▶ _Records for this task_
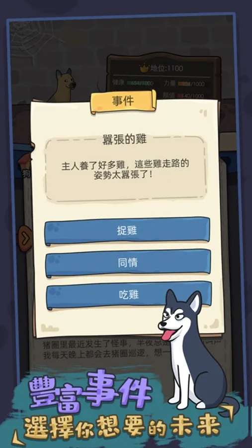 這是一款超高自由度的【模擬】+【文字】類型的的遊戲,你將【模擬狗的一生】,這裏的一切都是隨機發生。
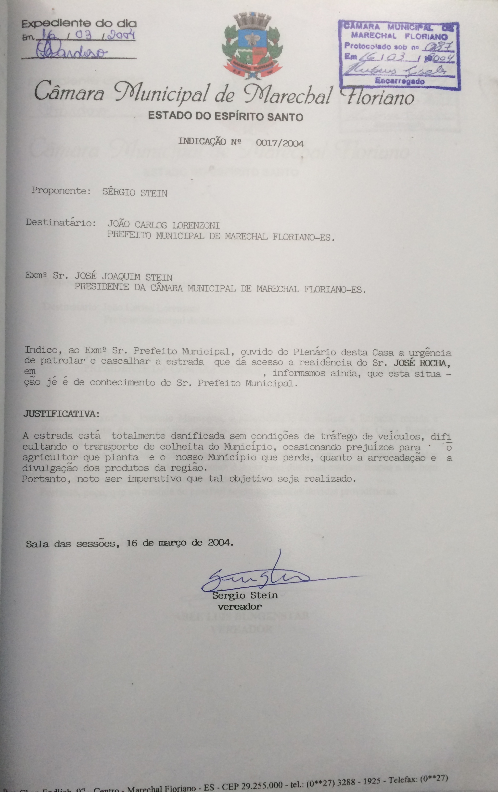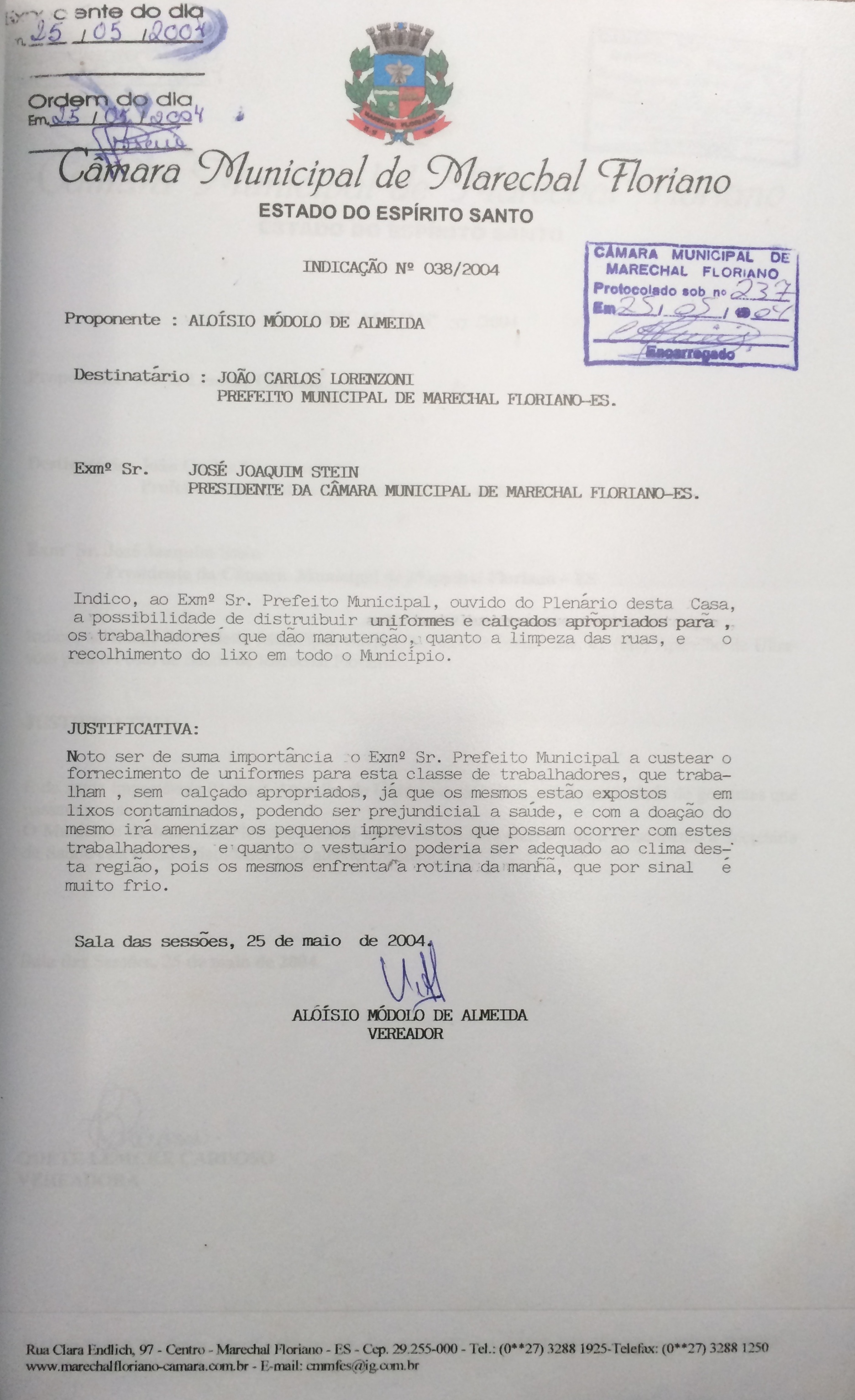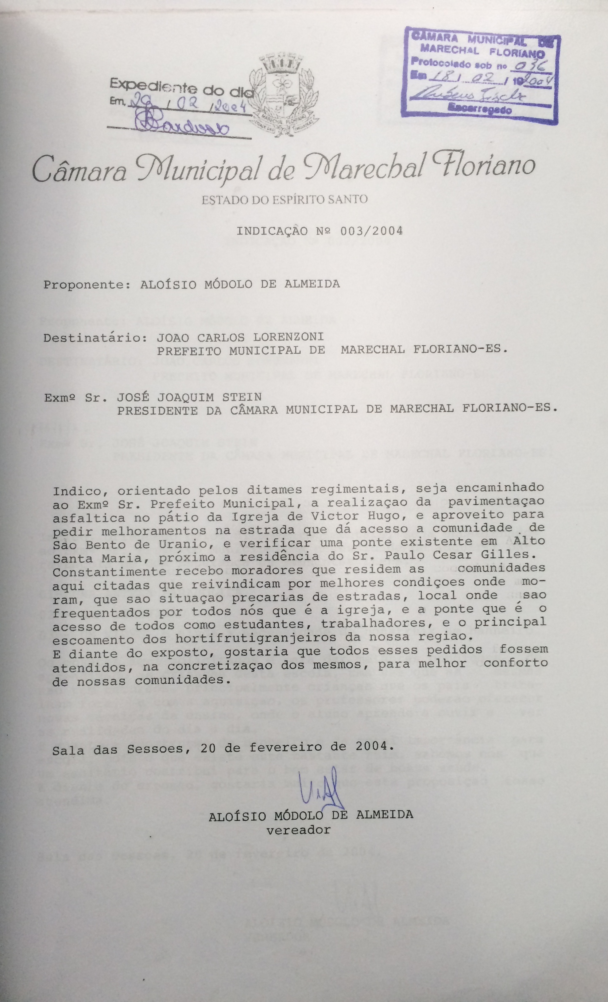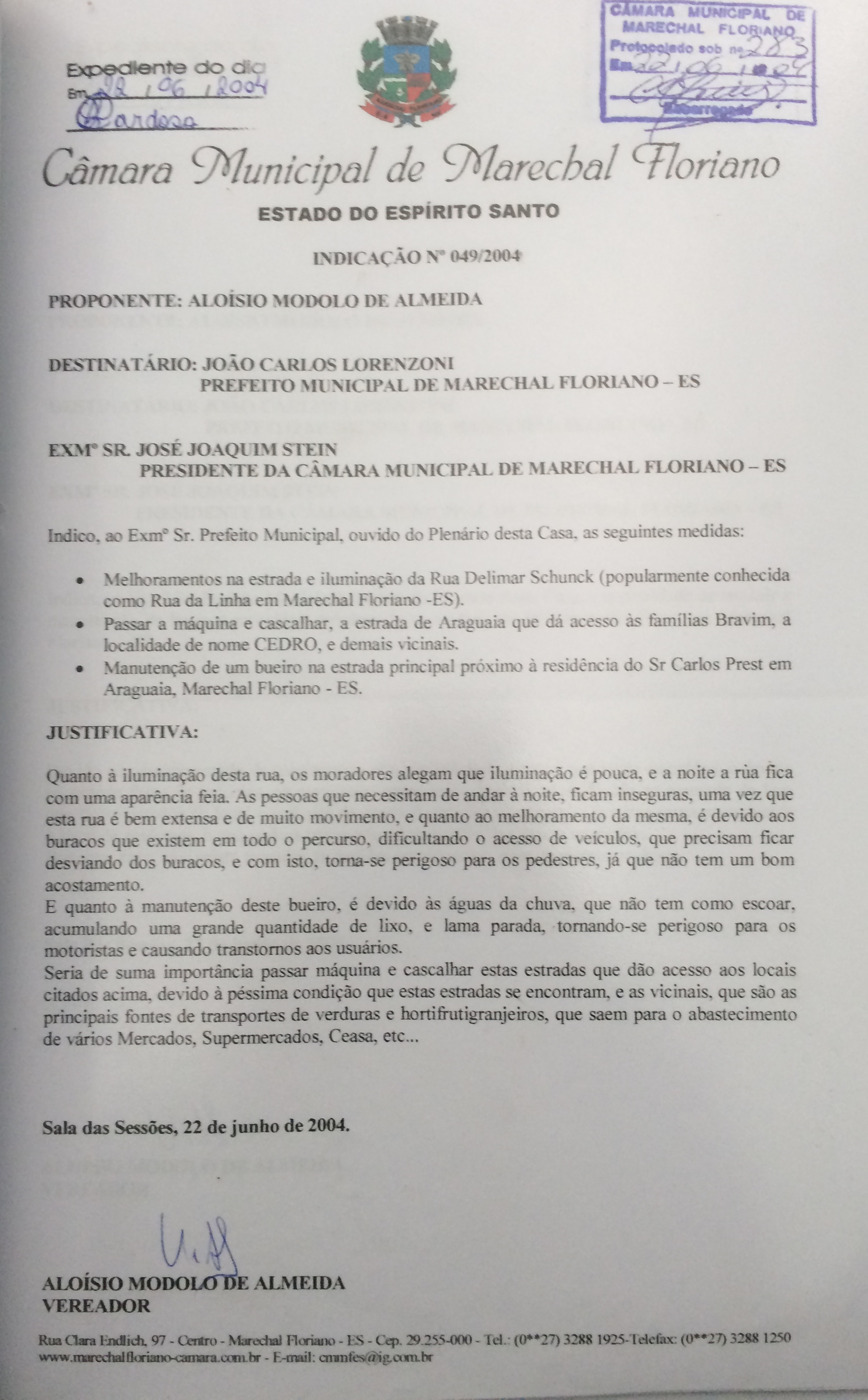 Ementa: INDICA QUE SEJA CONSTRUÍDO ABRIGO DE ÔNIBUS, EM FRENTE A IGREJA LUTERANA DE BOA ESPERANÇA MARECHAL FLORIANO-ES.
* * *
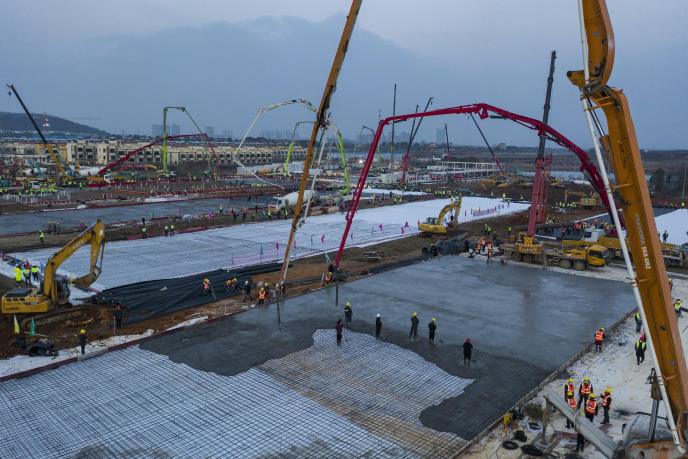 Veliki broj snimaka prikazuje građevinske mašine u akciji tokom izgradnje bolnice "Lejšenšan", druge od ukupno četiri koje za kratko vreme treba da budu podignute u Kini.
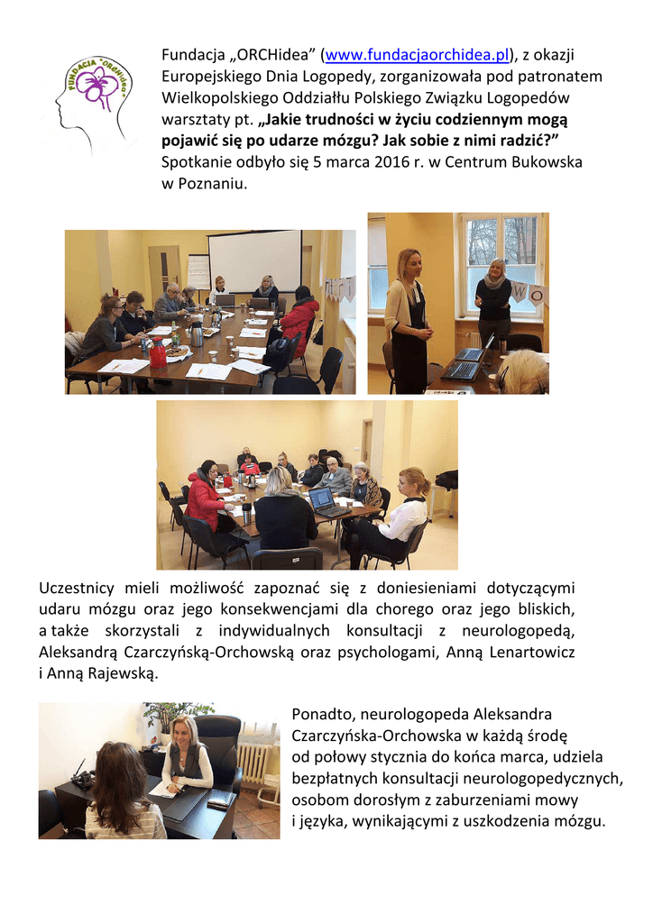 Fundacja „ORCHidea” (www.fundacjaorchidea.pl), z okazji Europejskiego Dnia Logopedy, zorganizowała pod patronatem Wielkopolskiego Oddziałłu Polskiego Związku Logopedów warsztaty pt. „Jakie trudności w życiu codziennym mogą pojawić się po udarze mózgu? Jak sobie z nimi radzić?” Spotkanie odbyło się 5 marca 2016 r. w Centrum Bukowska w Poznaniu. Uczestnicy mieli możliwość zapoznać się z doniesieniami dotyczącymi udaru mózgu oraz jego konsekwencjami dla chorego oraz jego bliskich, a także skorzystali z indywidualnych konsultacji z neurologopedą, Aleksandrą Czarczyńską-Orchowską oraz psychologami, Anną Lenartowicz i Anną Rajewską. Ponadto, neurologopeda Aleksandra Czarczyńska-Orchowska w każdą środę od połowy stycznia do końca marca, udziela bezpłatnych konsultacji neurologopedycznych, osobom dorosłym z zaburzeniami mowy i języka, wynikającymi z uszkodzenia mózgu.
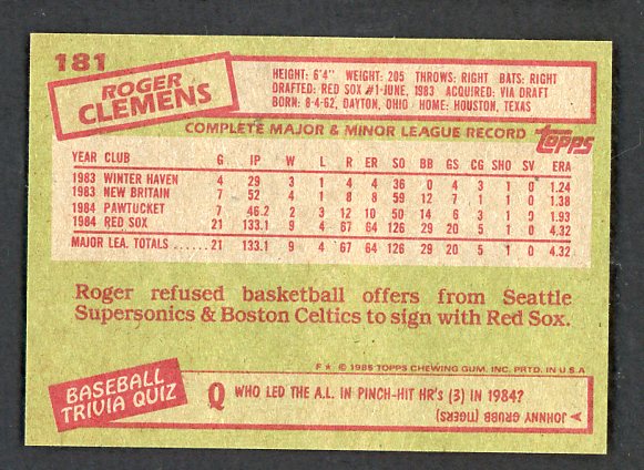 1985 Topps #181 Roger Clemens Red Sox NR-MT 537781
--
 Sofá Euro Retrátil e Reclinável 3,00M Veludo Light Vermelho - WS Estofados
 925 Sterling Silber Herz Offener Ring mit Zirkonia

▶ _Exercise description_
All lines above starting at the one with "這是一款超高自由度的【模擬】" and ending at the one with "Ementa: INDICA QUE", inclusive, are to be printed again exactly, with the pictures left out.

▶ _Answer area_
 這是一款超高自由度的【模擬】+【文字】類型的的遊戲,你將【模擬狗的一生】,這裏的一切都是隨機發生。
 Ementa: INDICA QUE SEJA CONSTRUÍDO ABRIGO DE ÔNIBUS, EM FRENTE A IGREJA LUTERANA DE BOA ESPERANÇA MARECHAL FLORIANO-ES.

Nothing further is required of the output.